Property Description
ColumnNames (String*) Returns Datatable column names as a string array in the order they are in the DataTable.
ColumnMappings (Dictionary) Returns column mappings configured for this Datatable. Returned data is a dictionary, where keys are mapping names (CaseId, EventType, Timestamp) and value is the column name. The ColumnMappings property returns null if column mappings have not been defined for the Datatable.

Example:

let caseIdColumnName = DatatableById(123).ColumnMappings("CaseId");
ColumnTypes (Dictionary*)

Returns Datatable column metadata as array of dictionaries. Each column dictionary has following properties:

  • Name (string): Column name.
  • Datatype (string); Column data type.
  • PrimaryKey (boolean): Whether this column is part of the Datatable primary key.
DatatableById(123).Columns[2].Datatype
Configuration (Dictionary) Returns the datatable configuration as dictionary. Example:
DatatableById(123).Configuration.Columns[0].Datatype
ConfigurationJson (String) Returns the datatable configuration as json string.
CreatedBy (User) User who created the datatable.
CreatedDate (DateTime) Timestamp when the datatable was created.
DataFrame (DataFrame) Contents of the datatable as a DataFrame.
DataSourceObjectType

Returns table if the source data comes from a database table, and view if the data comes from a database view. When datasource type is view, any operations to modify the datatable data are not possible. When a datatable with the datasource type view is deleted, the underlying database view is not deleted, because the views are managed by users directly in the Snowflake.

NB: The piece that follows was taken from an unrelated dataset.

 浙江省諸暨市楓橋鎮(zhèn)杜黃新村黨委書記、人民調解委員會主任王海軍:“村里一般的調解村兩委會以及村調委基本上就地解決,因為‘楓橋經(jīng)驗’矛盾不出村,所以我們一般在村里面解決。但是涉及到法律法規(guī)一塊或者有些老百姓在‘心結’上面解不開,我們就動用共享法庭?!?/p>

When a datatable with the datasource type table is deleted, the underlying database table is deleted, because the tables are managed by QPR ProcessAnalyzer automatically.

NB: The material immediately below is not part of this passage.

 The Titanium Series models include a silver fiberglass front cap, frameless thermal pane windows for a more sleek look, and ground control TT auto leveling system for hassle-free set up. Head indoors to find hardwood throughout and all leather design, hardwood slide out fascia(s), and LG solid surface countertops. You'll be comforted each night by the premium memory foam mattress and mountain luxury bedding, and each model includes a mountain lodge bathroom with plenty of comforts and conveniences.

DataSourceType Physical storage location of the datatable data. Options:
  • Local: data is stored to QPR ProcessAnalyzer's own database in SQL Server (defined by the database connection string in the appsettings.json file).
  • SqlServer: data is stored to an SQL Server database (defined by the SqlServerConnectionString setting).
  • Snowflake: data is stored to Snowflake.
  • Spark: data is stored to Databricks.
  • Redshift: data is stored to AWS Redshift.
Description (String) Datatable description. The datatable description may contain line breaks.
Id (Integer) Datatable Id. Datatable Id is generated by QPR ProcessAnalyzer when the datatable is created.
LastImportBy (User) User who the last time imported or modified the data in the datatable. Modification covers adding new rows, modifying rows and deleting rows. This attribute contains correct information only if data is imported using QPR ProcessAnalyzer UI. Data can also be imported to Snowflake tables directly using Snowflake, and in that case this attribute doesn't track the user correctly.
LastImportDate (DateTime) Timestamp when data was last time imported or modified in the datatable. Shows the correct import time when data is imported using QPR ProcessAnalyzer UI. When the Synchronize function is used, the LastImportDate is set to the current time (regardless of when data was actually imported to the datatable).
LastModifiedBy (User) User who last time modified the datatable properties. This does not cover the data contained by the datatable (for that, use the LastImportBy by property). If DataSourceObjectType is view, gives null.
LastModifiedDate (DateTime) Timestamp when the datatable properties were last time modified (such as name, description or containing project). This does not cover the data contained by the datatable (for that, use the LastImportDate by property).
Name (String) Name of the datatable.
NameInDataSource (String) Name of the table in the underlying datasource (e.g., Snowflake or SQL Server) containing the datatable data. This property is handy to identify the correct table when loading data directly to the table in the datasource.
NColumns (Integer) Number of columns in the datatable.
NRows (Integer) Number of data rows in the datatable.
Project (Project) Project the datatable belongs to.
ProjectId (Number) Id of the project the datatable belongs to.
SqlDataFrame (SqlDataFrame) Returns SqlDataFrame that can be used to access the contents of the DataTable.

Datatable Functions

Function Parameters Description
AddColumn
  • Column name (String)
  • Data type (String)

Adds a new column to the Datatable. Existing rows in the Datatable will get null values for the created column. The function returns the updated Datatable entity.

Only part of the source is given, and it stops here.